Each detection rule has a unique `rule_id` and a severity level (`error`, `warning`, or `note`).

### Cloud Providers
| Provider | What | Severity |
|----------|------|----------|
| AWS | Access Key IDs (AKIA...), Secret Access Keys | error |
| Azure | Storage account keys, Account keys | error |
| Google | API keys (AIza...) | error |
| Heroku | API key assignments | error |
| HashiCorp Vault | Service tokens (hvs.) | error |

### SaaS / API Platforms
| Provider | What | Severity |
|----------|------|----------|
| GitHub | PAT, OAuth, App, Refresh, Fine-grained tokens | error |
| Slack | Bot tokens (xoxb-), User tokens (xoxp-) | error |
| Stripe | Live secret/publishable/restricted keys | error/warning |
| Stripe | Test keys | note |
| OpenAI | API keys (sk-) | error |
| Twilio | API keys (SK...) | error |
| SendGrid | API keys (SG.) | error |
| npm | Access tokens | error |
| PyPI | API tokens | error |

### Generic Patterns
| What | Severity |
|------|----------|
| Password assignments (password=, passwd=, pwd=) | warning |
| Bearer tokens | error |
| JWT tokens | warning |
| API key/token assignments | warning |
| Private key blocks (PEM headers) | error |
| SSH RSA public keys | note |
| Database connection strings | warning |
| Generic secret assignments | warning |

## Entropy-Based Detection

Use `--entropy` to detect high-entropy hex and base64 strings that don't match any known pattern. This catches secrets that slip through regex-based rules.

```bash
secret-scan . --entropy
secret-scan . --entropy --json
```

This is **opt-in** to avoid false positive noise. When enabled, the scanner tokenizes each line and computes Shannon entropy for candidate strings.

**Thresholds:**

| Type | Min Length | Entropy Threshold |
|------|-----------|-------------------|
| Hex strings | 20 chars | 3.0 bits/char |
| Base64 strings | 20 chars | 4.5 bits/char |

**Automatically excluded (false positive filters):**

- UUIDs (`550e8400-e29b-41d4-a716-446655440000`)
- CSS hex colors (`#1a2b3c`)
- Version strings (`v1.2.3...`)
- Lockfile hashes (`sha256-...`, `sha512-...`)
- Repeated characters (`AAAAAA...`)
- Entire lockfiles (`package-lock.json`, `yarn.lock`, etc.)

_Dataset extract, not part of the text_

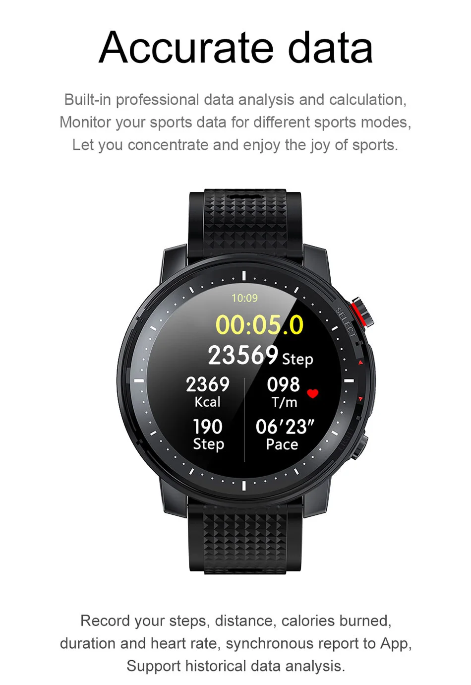 IP68 водонепроницаемый,1,3 дюймов IPS 360*360 пикселей с полным круглым дисплеем, 370 мА/ч, батарея, 7 дней Время работы от аккумулятора частота сердечных сокращений, ЭКГ, измерять кровяное давление/кислорода в крови, шагомер, секундомер, управление музыкой, скалолазание, камера, фонарик.

Entropy findings use rule IDs `high-entropy-hex` and `high-entropy-base64`, both at severity `warning`. They respect `# nosecret` inline suppression and `.secretscanignore` rules.

## Automatic Skips

The scanner automatically ignores:

- .git, .hg, .svn
- node_modules
- Python virtual environments (venv, .venv, env)
- IDE directories (.idea, .vscode)
- Binary files (null-byte detection)
- Large files (over 5 MB by default)
- Common non-text extensions (images, archives, executables)

## Extending Detection Patterns

Detection patterns are defined as `SecretPattern` dataclass instances in:

    src/secret_scanner/patterns.py

Each pattern has a `rule_id`, `name`, `severity`, `pattern` (regex), and `description`. You can add new patterns by appending to the `PATTERNS` list.

## Programmatic Usage

```python
from pathlib import Path
from secret_scanner import scan_directory

matches = scan_directory(Path("."), output_path=None)
for m in matches:
    print(f"[{m['severity']}] {m['rule_name']}: {m['file']}:{m['line']}")
```

## Running Tests

    PYTHONPATH=src pytest tests/ -q

## Contributing

Contributions are welcome.

1. Fork the repository
2. Create a feature branch
3. Add tests for new functionality
4. Open a pull request

## License

This project is licensed under the MIT License. See the LICENSE file for full details.